Portugal está a viver a segunda onda de calor do ano mas poderá vir a ter em meio século oito a dez em cada ano, alerta o professor e investigador Pedro Matos Soares.
Atualmente o continente tem já o dobro das ondas de calor em relação ao século passado, explica em entrevista à agência Lusa o especialista, investigador principal do Instituto Dom Luis, professor no Departamento de Engenharia Geográfica, Geofísica e Energia (ambos da Faculdade de Ciências da Universidade de Lisboa.
Doutorado em Física da Atmosfera, o especialista trabalha há vários anos na modelização climática regional, alterações climáticas, eventos extremos e interações terra-atmosfera-oceano.
Citando números do “clima histórico” de Portugal, de 1971 a 2000, afirma: “Tínhamos uma a duas ondas de calor em Portugal. E agora já, neste clima que estamos a entrar, estamos a falar de entre duas e três no litoral, ou três no interior”. “Em maio tivemos uma onda de calor, já vamos na segunda”.

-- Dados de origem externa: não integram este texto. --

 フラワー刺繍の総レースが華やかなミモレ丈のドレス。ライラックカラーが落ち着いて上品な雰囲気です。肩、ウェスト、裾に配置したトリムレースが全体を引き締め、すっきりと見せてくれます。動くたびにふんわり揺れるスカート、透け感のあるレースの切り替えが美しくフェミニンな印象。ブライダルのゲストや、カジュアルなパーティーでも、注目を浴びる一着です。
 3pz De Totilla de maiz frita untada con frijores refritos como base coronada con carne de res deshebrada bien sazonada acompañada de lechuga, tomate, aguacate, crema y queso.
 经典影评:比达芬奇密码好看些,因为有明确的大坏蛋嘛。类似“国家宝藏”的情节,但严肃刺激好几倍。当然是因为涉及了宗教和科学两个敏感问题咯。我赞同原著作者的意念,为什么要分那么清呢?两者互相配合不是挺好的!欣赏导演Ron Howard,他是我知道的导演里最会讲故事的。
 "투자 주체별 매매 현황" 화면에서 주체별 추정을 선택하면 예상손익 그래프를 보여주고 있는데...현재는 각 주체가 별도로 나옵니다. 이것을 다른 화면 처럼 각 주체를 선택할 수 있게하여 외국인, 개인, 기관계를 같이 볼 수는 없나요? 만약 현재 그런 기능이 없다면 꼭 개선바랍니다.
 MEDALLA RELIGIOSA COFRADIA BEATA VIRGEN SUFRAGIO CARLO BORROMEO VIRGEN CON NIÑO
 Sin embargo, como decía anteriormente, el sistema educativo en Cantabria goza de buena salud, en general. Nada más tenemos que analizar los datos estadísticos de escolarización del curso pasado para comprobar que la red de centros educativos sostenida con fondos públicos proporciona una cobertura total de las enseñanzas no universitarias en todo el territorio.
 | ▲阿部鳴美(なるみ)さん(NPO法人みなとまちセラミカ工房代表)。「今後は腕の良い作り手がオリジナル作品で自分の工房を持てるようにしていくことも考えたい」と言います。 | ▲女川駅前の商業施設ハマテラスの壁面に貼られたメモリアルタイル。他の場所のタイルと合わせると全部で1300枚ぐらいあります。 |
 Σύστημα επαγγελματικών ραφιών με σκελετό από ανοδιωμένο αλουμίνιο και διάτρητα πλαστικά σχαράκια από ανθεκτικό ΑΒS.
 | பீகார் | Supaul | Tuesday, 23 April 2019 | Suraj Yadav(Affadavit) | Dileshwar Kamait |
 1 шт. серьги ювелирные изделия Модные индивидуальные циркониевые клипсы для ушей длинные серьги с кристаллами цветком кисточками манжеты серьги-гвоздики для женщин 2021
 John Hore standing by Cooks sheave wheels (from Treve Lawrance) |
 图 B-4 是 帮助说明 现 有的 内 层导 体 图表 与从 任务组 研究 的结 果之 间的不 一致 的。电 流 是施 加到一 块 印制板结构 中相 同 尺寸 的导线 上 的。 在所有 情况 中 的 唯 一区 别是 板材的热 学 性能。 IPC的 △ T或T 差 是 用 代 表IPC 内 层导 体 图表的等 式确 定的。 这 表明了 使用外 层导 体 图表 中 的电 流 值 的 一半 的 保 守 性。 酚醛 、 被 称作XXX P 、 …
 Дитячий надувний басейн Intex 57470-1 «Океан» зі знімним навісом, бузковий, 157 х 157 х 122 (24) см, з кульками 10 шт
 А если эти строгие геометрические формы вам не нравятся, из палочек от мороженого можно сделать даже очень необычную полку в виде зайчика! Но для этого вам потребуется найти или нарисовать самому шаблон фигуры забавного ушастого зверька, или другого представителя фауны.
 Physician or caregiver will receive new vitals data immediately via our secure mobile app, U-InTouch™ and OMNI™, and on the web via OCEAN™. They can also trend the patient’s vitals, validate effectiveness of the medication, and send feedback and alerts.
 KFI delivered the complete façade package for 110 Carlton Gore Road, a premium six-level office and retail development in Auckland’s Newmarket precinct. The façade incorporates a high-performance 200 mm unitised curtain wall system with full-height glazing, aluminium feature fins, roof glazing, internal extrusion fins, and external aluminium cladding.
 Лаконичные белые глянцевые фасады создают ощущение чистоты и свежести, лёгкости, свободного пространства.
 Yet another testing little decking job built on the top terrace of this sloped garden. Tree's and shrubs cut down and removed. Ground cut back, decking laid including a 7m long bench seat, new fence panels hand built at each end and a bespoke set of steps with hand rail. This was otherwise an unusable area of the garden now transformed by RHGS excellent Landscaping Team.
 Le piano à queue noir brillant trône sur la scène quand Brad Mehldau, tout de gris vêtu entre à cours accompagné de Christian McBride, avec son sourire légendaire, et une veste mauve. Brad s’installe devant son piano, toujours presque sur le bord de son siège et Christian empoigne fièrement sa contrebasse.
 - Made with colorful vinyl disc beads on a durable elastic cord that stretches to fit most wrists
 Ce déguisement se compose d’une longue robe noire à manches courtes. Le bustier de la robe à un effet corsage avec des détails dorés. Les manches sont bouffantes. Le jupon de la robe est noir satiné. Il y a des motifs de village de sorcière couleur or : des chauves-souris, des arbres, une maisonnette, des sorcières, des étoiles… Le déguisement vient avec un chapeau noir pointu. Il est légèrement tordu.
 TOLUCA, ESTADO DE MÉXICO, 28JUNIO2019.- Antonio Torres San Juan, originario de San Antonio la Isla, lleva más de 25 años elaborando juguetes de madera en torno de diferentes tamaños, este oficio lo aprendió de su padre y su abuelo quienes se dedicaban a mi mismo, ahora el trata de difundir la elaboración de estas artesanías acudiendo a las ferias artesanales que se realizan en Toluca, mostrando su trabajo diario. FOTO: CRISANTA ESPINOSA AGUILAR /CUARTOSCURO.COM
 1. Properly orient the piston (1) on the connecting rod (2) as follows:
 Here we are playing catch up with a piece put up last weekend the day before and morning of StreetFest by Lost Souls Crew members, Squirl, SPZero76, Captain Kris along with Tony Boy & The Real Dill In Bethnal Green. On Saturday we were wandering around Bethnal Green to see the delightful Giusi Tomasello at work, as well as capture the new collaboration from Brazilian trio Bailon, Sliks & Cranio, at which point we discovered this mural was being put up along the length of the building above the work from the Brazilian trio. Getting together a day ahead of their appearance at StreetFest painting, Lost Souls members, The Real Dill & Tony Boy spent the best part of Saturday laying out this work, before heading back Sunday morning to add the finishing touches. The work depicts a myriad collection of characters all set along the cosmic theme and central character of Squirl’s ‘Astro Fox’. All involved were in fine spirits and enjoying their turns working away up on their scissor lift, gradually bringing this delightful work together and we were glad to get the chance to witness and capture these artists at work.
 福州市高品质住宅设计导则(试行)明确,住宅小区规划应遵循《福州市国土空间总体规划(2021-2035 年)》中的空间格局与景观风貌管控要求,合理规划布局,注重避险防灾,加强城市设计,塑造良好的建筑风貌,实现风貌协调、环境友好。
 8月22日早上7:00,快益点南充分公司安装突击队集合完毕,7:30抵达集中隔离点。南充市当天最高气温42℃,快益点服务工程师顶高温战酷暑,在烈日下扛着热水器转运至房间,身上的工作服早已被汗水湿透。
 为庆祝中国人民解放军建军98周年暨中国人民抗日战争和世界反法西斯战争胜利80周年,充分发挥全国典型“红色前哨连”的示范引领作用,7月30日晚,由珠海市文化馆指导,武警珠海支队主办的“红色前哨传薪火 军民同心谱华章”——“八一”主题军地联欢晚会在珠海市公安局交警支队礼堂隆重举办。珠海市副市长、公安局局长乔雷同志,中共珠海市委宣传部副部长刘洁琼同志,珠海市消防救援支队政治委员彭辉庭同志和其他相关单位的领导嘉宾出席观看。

Na entrevista à Lusa Pedro Matos Soares explica o que levou à onda de calor que Portugal continental está a atravessar, diz que é um fenómeno meteorológico natural e que pode nem estar relacionado com as alterações climáticas. Mas garante que elas aumentam exponencialmente a probabilidade de acontecerem vagas de calor.
A atual vaga de calor, explica, resulta de o anticiclone dos Açores, normalmente centrado na região do arquipélago, se ter estendido e abarcado, desde a semana passada, a Península Ibérica. O sistema de altas pressões tem associado ventos no sentido horário, pelo que o ar vai aquecendo ao passar pela Península exposta ao sol e provoca o aumento da temperatura.
Na segunda-feira formou-se uma depressão (baixa pressão) a sudoeste da Península Ibérica. Pela posição, e porque promove o escoamento do ar no sentido contrário ao dos ponteiros do relógio, está a transportar para Portugal ar de África.
São fenómenos naturais e até frequentes, diz. Mas acrescenta: “O que não há duvida é que temos, ano após ano, batido o recorde de temperatura global continental, estamos a ter um dos anos hidrológicos mais secos de sempre, tivemos o maio mais quente de sempre em Portugal, quer dizer que a probabilidade de termos esta onda de calor é muitíssimo maior com alterações climáticas do que sem as alterações climáticas, isso é uma realidade”.
Pedro Matos Soares trabalha no desenvolvimento de modelos climáticos, que permitem estudar o clima presente e o futuro, sendo essa modelação climática global e regional importante para perceber como vai o clima evoluir, seja do ponto de vista médio seja nos extremos climáticos.
“Se observarmos as projeções para as ondas de calor em Portugal “projetamos para os últimos 30 anos do século, de acordo com o cenário mais gravoso, termos cerca de 08 a 10 ondas de calor por ano”, diz.
“Estamos a falar de 10 vezes mais do que temos em clima histórico”, salienta, explicando no entanto que esse é um cenário mais gravoso e que se os objetivos de redução dos gases com efeito de estufa preconizados no Acordo de Paris forem cumpridos o cenário é de um aumento de duas ondas de calor perto do final do século.
Para já há um dado que o especialista confirma, “dados robustos” com base nos modelos e nas observações: o clima de hoje já é diferente do clima de até ao final do século XX.
Dados da Agência Portuguesa do Ambiente (APA) indicam que dos 30 anos mais quentes em Portugal continental entre 1931 a 2020, 21 ocorreram depois de 1990 e 13 depois de 2000. E que os quatro anos mais secos desde 1931 ocorreram todos depois de 2003.